Aim of the task:
Could you repeat, exactly and with no pictures, only the lines from the start of the records through the line containing "39], which represents"?

Records for this task:
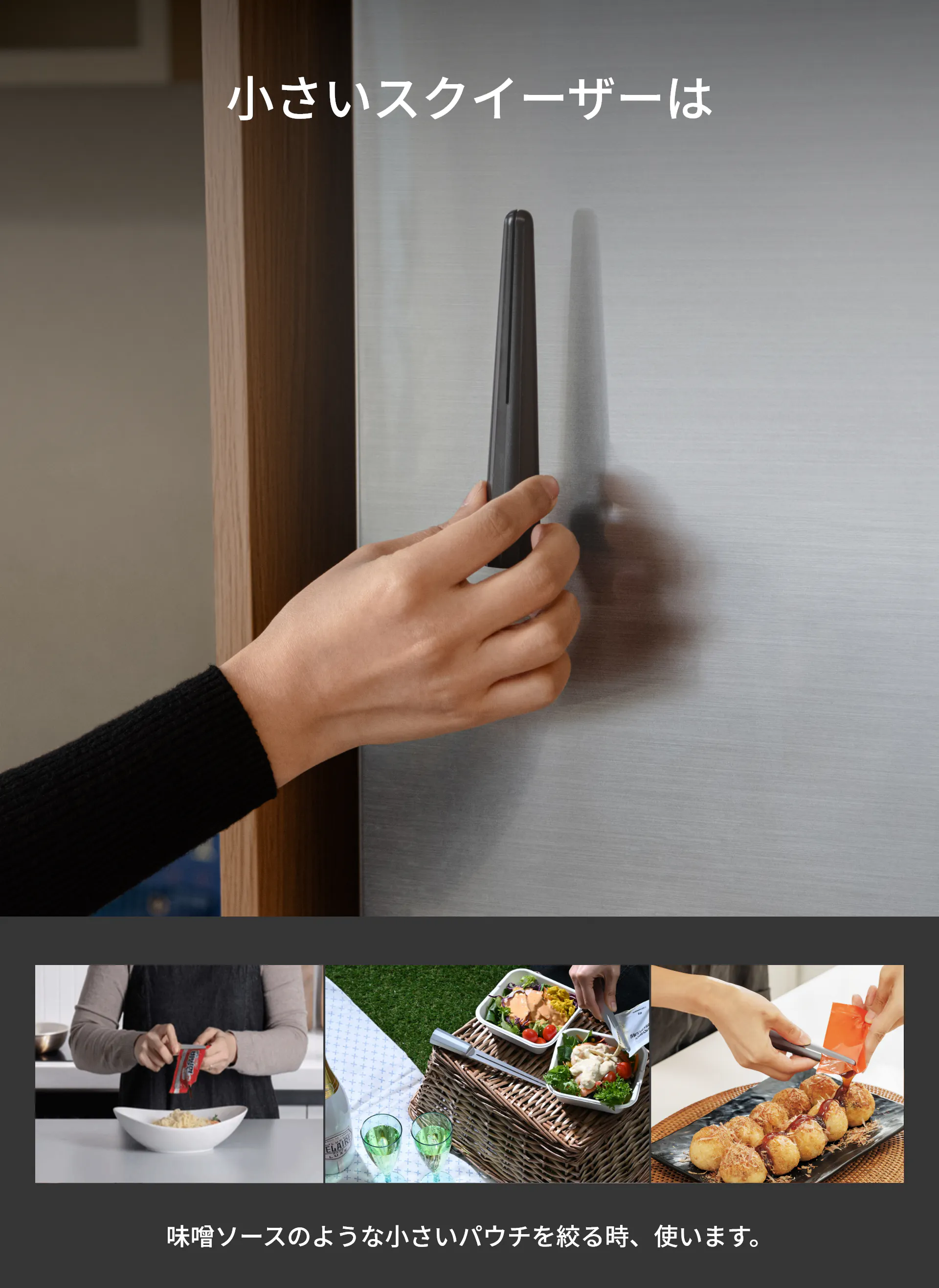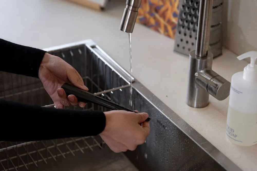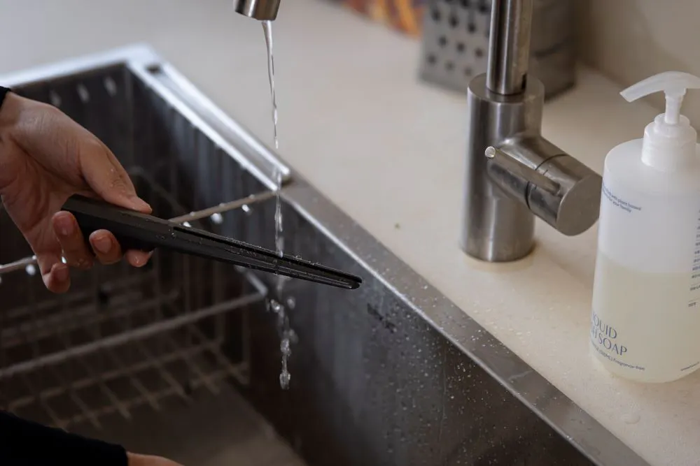 A2 : ザ・スクイーザーはお皿洗いがラクにできるように製品表面に処理を施していますので、お湯で流し洗いすると汚れが取れます。しかし、オイリーなソースを使用した場合は、台所用洗剤を使用して汚れを落とすことをお勧めします。使用後は、すぐに洗ってから柔らかい布で拭き、乾燥させてください。
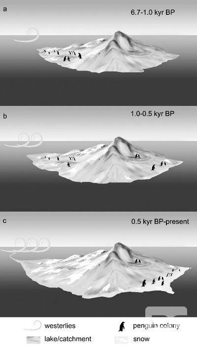 模拟结果显示,截止本世纪末,将有70%的王企鹅放弃原有栖息地或消失。然而,由于现代观测资料的持续时间较短,使得企鹅种群动态对长期气候变化的响应模式和机制认识不足,无法进行有效的生态变化预测和物种保护。
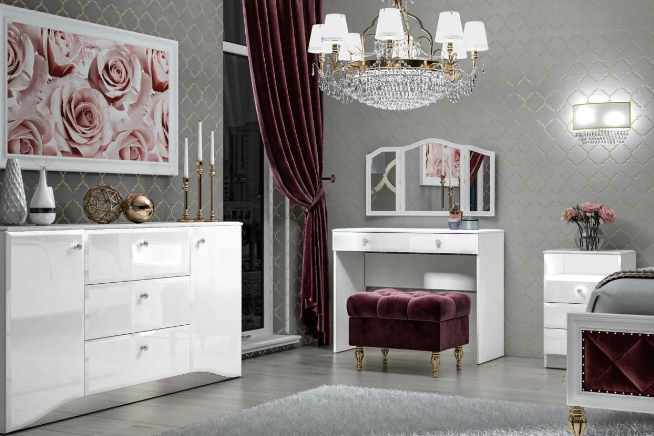 - Szafka GLAMOUR posiada uchwyty w formie kryształków, które podkreślają charakter kolekcji.
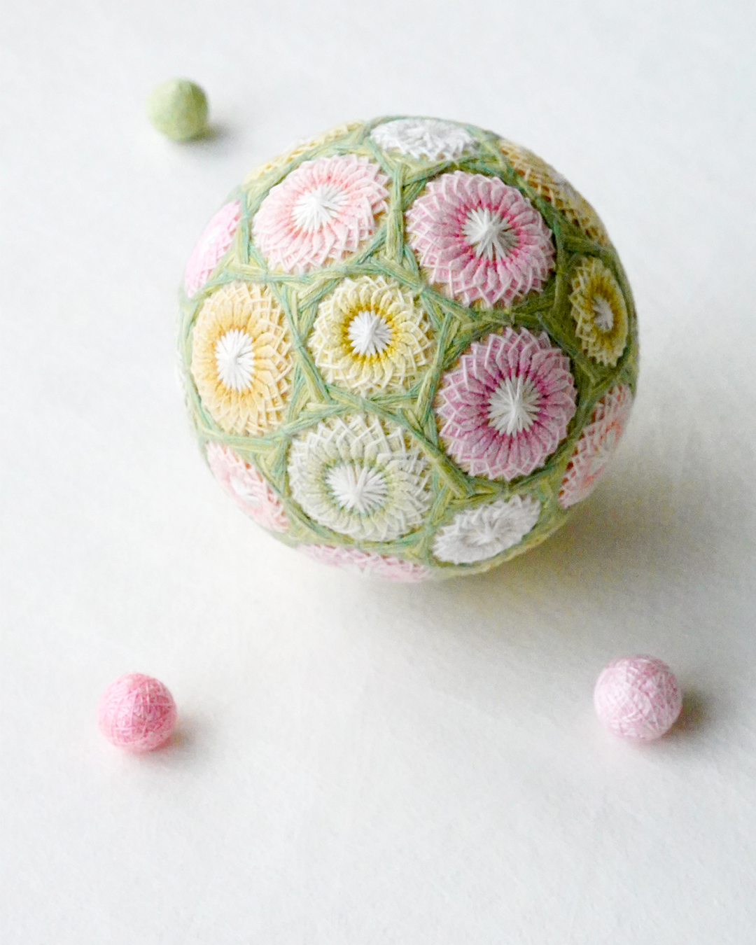 手まりの上に12輪のちいさな花を咲かせましょう。
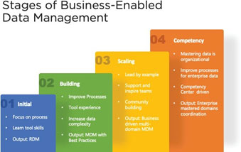 This maturity model for business-enabled MDM follows four stages for balanced approach to develop mastering data as a capability.
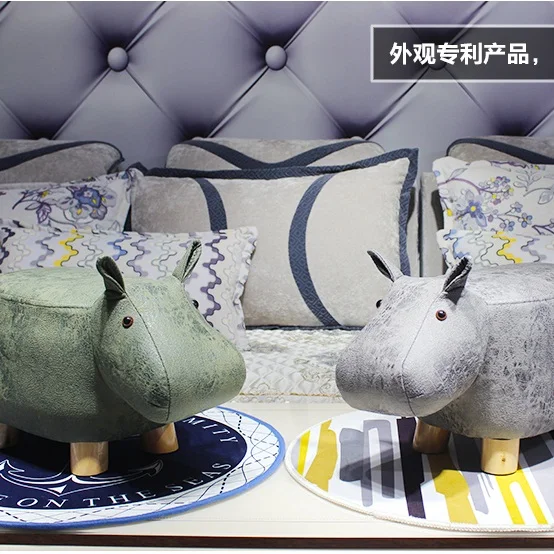 Creative Fashion Calf Stool Elephant Hippo Bench Shoes Bench Stool Children Cartoon Stool Solid Wood Animal Stool
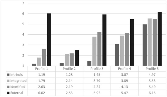 39], which represents individuals that scored moderately on all types of motivation (i.e., extrinsic, introjected, identified, integrated, intrinsic, and amotivation—when the last was also considered). Furthermore, these studies’ general conclusions are that individuals with more intrinsic profiles have more positive outcomes.
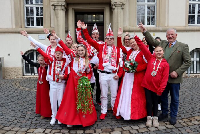 Närrische Grüße überbrachten die Selmer Karnevalsprinzenpaare am Dienstagmorgen der Stadtverwaltung. Das große Prinzenpaar Prinz Sascha Holz und Prinzessin Denise Skrsipek sowie das Kinderprinzenpaar Prinz Ben Bähre und Prinzessin Anni Groppe machten bei ihrer traditionellen Tour als ersten Halt im Amtshaus Station. Dort wurden sie herzlich von Bürgermeister Heinz-Georg Mors empfangen.
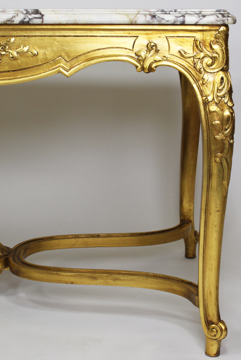 A French Early 20th Century Louis XV Style Gildwood Carved Center Table with Veined White Marble Top. Circa: Paris, 1920.
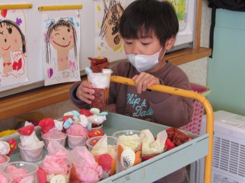 今日は立春です。まだまだ寒い日があると思いますが、春の始まりということで幼稚園では、年長さんは卒園に向けての活動を、年中さんと年少さんは、お店屋さんごっこに向けての遊びを始めました。
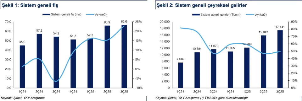 - "Güçlü fiş büyümesi. Sistem genelindeki fiş sayısı, 3Ç25’te yıllık %23 artışla 66,6 milyona ulaştı. Bu artışta, i) rekabetçi menü satışları (örneğin, ikili menü), ii) yeni ürün lansmanları ve iii) sektör genelindeki düşüş eğilimine rağmen üst segment menülerin olumlu katkısı etkili oldu. Sistem genelindeki toplam restoran sayısı 1.975'e ulaştı (yıllık +%11; TAB restoranı: 1.097, franchise: 878). Ayrıca, ~2,4 bin kiosk sayesinde dijital satışların toplam satışlardaki payı %48'e (2024'teki %36'ya kıyasla) ulaşırken, paket servis satışlarının payı %28'e (2024'teki %24'e kıyasla) ulaştı."
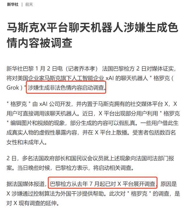 新华社也报道法国巴黎检方已经将其定义为“涉嫌非法”,且从去年7月就开始对社交平台X展开调查。
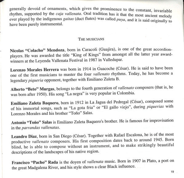Enregistrements, septembre 1994, à l'occasion du tournage du documentaire "Où chantent les accordéons, la route du Vallenate", Stéphane Jourdain, La Huit Production.
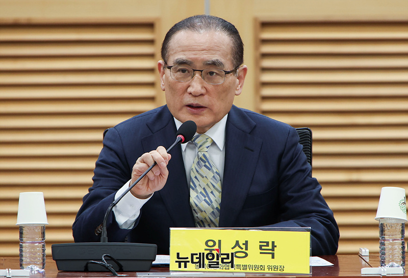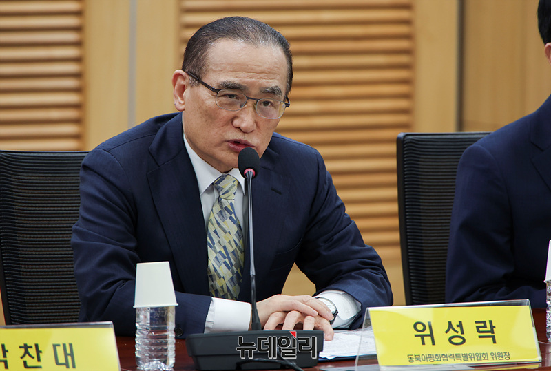 위성락 더불어민주당 의원이 28일 오전 서울 여의도 국회 의원회관에서 열린 더불어민주당 동북아평화협력특별위원회 출범식에서 인사말을 하고 있다.
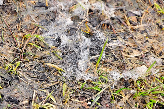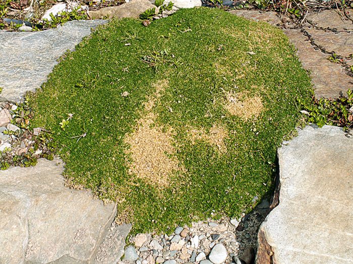 Często po zimie trawnik ma objawy pleśni śniegowej w postaci gołych placów lekko pokrytych jakby pleśnią. Jest to zespół różnych grzybów, który pojawił się pod śniegiem. Wiosną takie miejsca należy dobrze wygrabić i łyse place wzruszyć ostrymi grabiami. Dobrze jest też nasypać troszkę przepuszczalnego podłoża i wsiać nasiona traw (najlepiej mieszankę zbliżoną do tej, z której zakładaliście trawnik).
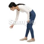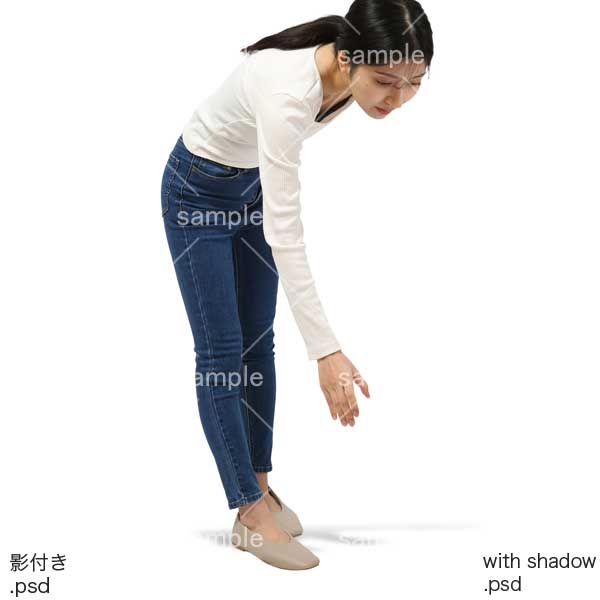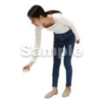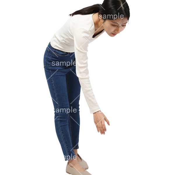 250909動作、日本人、女性、デニム、ジーンズ、スキニー、細身、、手を出す、拾う、下を向く、Action, Japanese, woman, denim, jeans, skinny, slender, reach out, pick up, looking dow
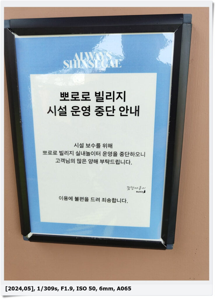 5월 중순 기준으로 뽀로로 빌리지 실내놀이터는 시설보수를 위해 사용이 중단된 상태고 VR하우스는 36개우러 이상 어린이부터 이용할 수 있어 막 2돌이 지난 햇살이는 이용불가였네요.
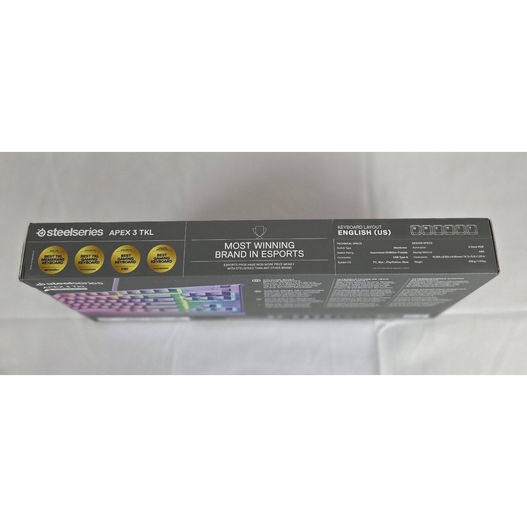 SteelSeries Apex 3 TKL gaming keyboard compact design. Whisper quiet gaming switches provide a nearly silent gaming experience for uninterrupted play. Water and dust resistant construction ensures durability and longevity. Brilliant prism RGB illumination with 8 lighting zones offers dynamic lighting effects that can be customized to match your setup. Perfect for competitive gaming sessions or everyday use.
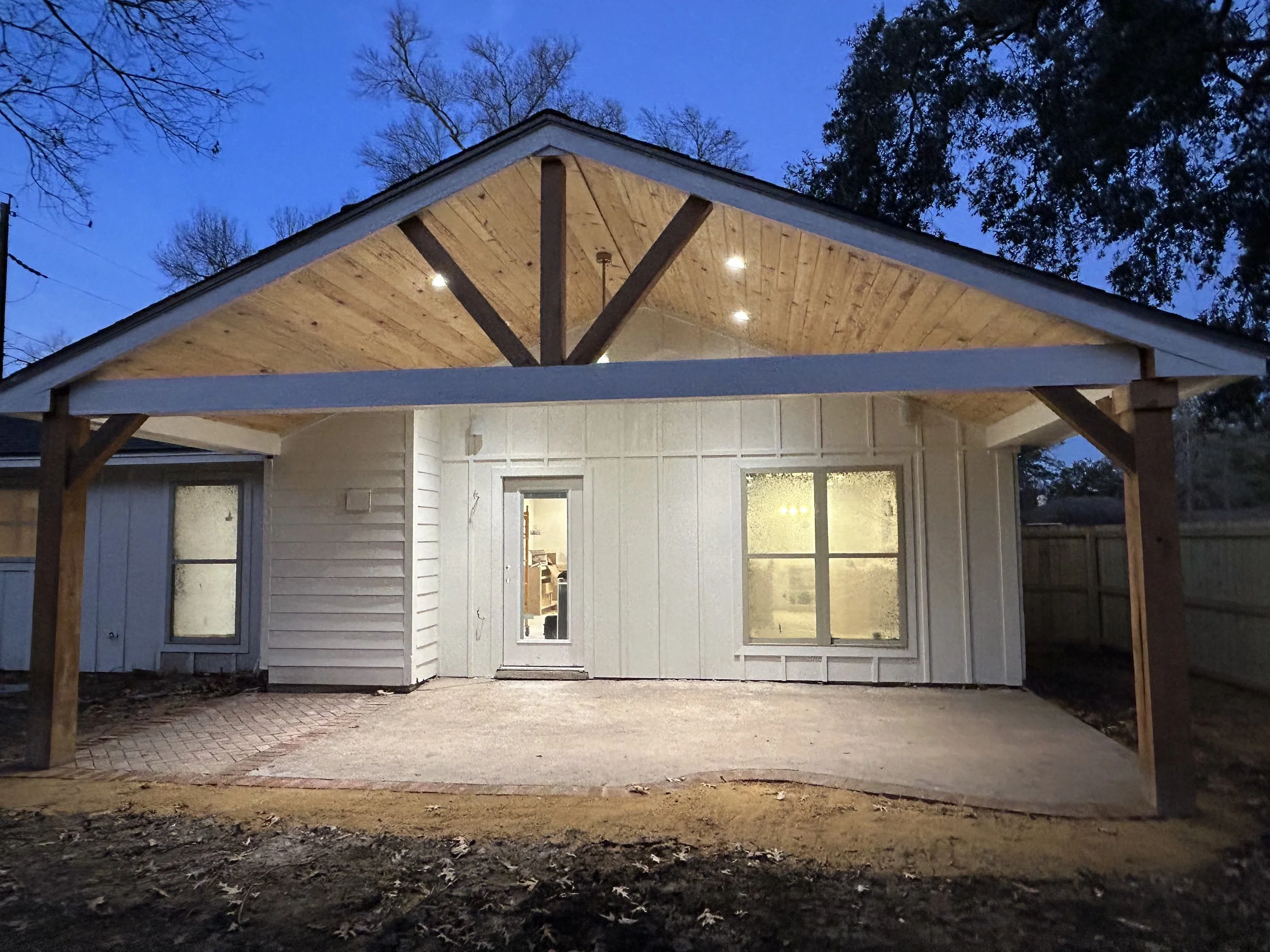 Experience seamless indoor-outdoor living with a Tied-in Pavilion: Where the comforts of home meet the serenity of nature, creating a captivating space for every moment, rain or shine!
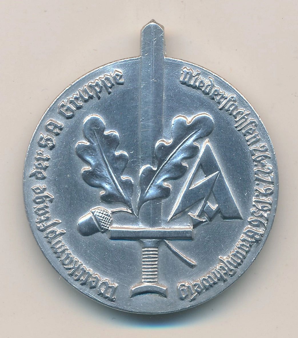 Here is your chance to pick up a wonderful tinnie for the Wettkämpftage der SA event. The event was held in Gruppe Niedersaschen in the city of Braunschweig on the 26th and 27th of September, 1936. I like pieces like this because not only are they extremely affordable but each one is it’s own little work of art in a sense. This piece is a consignment item and is subject to the terms listed on the website. Guaranteed original. The Sturmabteilung was the Nazi Party’s original paramilitary wing. It played a significant role in Adolf Hitler’s rise to power in the 1920s and 1930s. Its primary purposes were providing protection for Nazi rallies and assemblies, disrupting the meetings of opposing parties, fighting against the paramilitary units of the opposing parties, especially the Rotfrontkämpferbund of the Communist Party of Germany, and intimidating Romani, trade unionists, and, especially, Jews. The SA were also called the Brownshirts, from the color of their uniform shirts. Brown-colored shirts were chosen as the SA uniform because a large number of them were cheaply available after World War I, having originally been ordered during the war for colonial troops posted to Germany’s former African colonies. After The Night of the Long Knives in 1934, Hitler withdrew support from the SA. The SA continued to exist, but was effectively superseded by the SS, although the paramilitary forces were not formally dissolved until after Nazi Germany’s final capitulation to the Allies in 1945. Free shipping ANYWHERE IN THE WORLD & I don’t charge PayPal fees like some of the other guys!
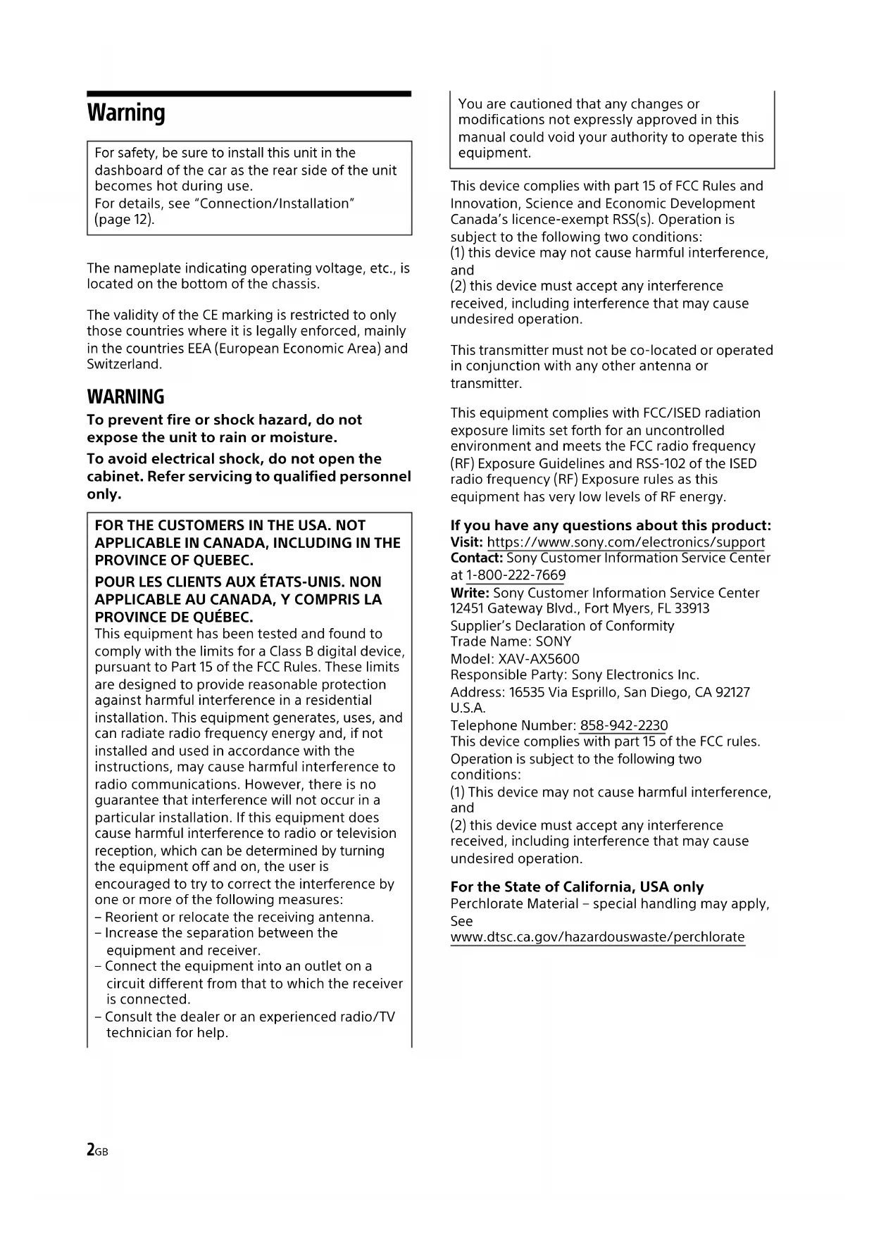 To cancel the demonstration (Demo) display, see page 7.Pour annuler l’affichage de démonstration (Démo), reportez-vous à la page 7.Para cancelar la pantalla de demostración (Demostración), consulte la página 7.2GB Warning The nameplate indicating operating voltage, etc., is located on the bottom of the chassis. The validity of the CE marking is restricted to only those countries where it is legally enforced, mainly in the countries EEA (European Economic Area) and Switzerland. WARNING To prevent fire or shock hazard, do not expose the unit to rain or moisture. To avoid electrical shock, do not open the cabinet. Refer servicing to qualified personnel only. This device complies with part 15 of FCC Rules and Innovation, Science and Economic Development Canada’s licence-exempt RSS(s). Operation is subject to the following two conditions: (1) this device may not cause harmful interference, and (2) this device must accept any interference received, including interference that may cause undesired operation. This transmitter must not be co-located or operated in conjunction with any other antenna or transmitter. This equipment complies with FCC/ISED radiation exposure limits set forth for an uncontrolled environment and meets the FCC radio frequency (RF) Exposure Guidelines and RSS-102 of the ISED radio frequency (RF) Exposure rules as this equipment has very low levels of RF energy. If you have any questions about this product: Visit: https://www.sony.com/electronics/support Contact: Sony Customer Information Service Center at 1-800-222-7669 Write: Sony Customer Information Service Center 12451 Gateway Blvd., Fort Myers, FL 33913 Supplier’s Declaration of Conformity Trade Name: SONY Model: XAV-AX5600 Responsible Party: Sony Electronics Inc. Address: 16535 Via Esprillo, San Diego, CA 92127 U.S.A. Telephone Number: 858-942-2230 This device complies with part 15 of the FCC rules. Operation is subject to the following two conditions: (1) This device may not cause harmful interference, and (2) this device must accept any interference received, including interference that may cause undesired operation. For the State of California, USA only Perchlorate Material – special handling may apply, See www.dtsc.ca.gov/hazardouswaste/perchlorate For safety, be sure to install this unit in the dashboard of the car as the rear side of the unit becomes hot during use. For details, see “Connection/Installation” (page 12). FOR THE CUSTOMERS IN THE USA. NOT
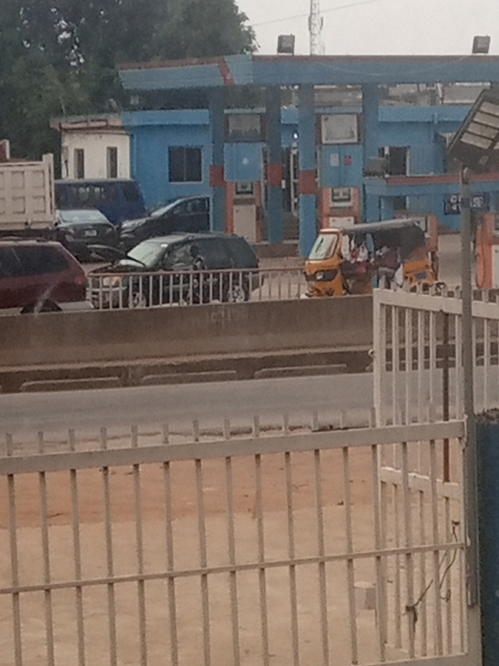The scene depicts a street view in Ijaiye, Nigeria, focused on a gas station and adjacent roadway

Task solution:
 A2 : ザ・スクイーザーはお皿洗いがラクにできるように製品表面に処理を施していますので、お湯で流し洗いすると汚れが取れます。しかし、オイリーなソースを使用した場合は、台所用洗剤を使用して汚れを落とすことをお勧めします。使用後は、すぐに洗ってから柔らかい布で拭き、乾燥させてください。
 模拟结果显示,截止本世纪末,将有70%的王企鹅放弃原有栖息地或消失。然而,由于现代观测资料的持续时间较短,使得企鹅种群动态对长期气候变化的响应模式和机制认识不足,无法进行有效的生态变化预测和物种保护。
 - Szafka GLAMOUR posiada uchwyty w formie kryształków, które podkreślają charakter kolekcji.
 手まりの上に12輪のちいさな花を咲かせましょう。
 This maturity model for business-enabled MDM follows four stages for balanced approach to develop mastering data as a capability.
 Creative Fashion Calf Stool Elephant Hippo Bench Shoes Bench Stool Children Cartoon Stool Solid Wood Animal Stool
 39], which represents individuals that scored moderately on all types of motivation (i.e., extrinsic, introjected, identified, integrated, intrinsic, and amotivation—when the last was also considered). Furthermore, these studies’ general conclusions are that individuals with more intrinsic profiles have more positive outcomes.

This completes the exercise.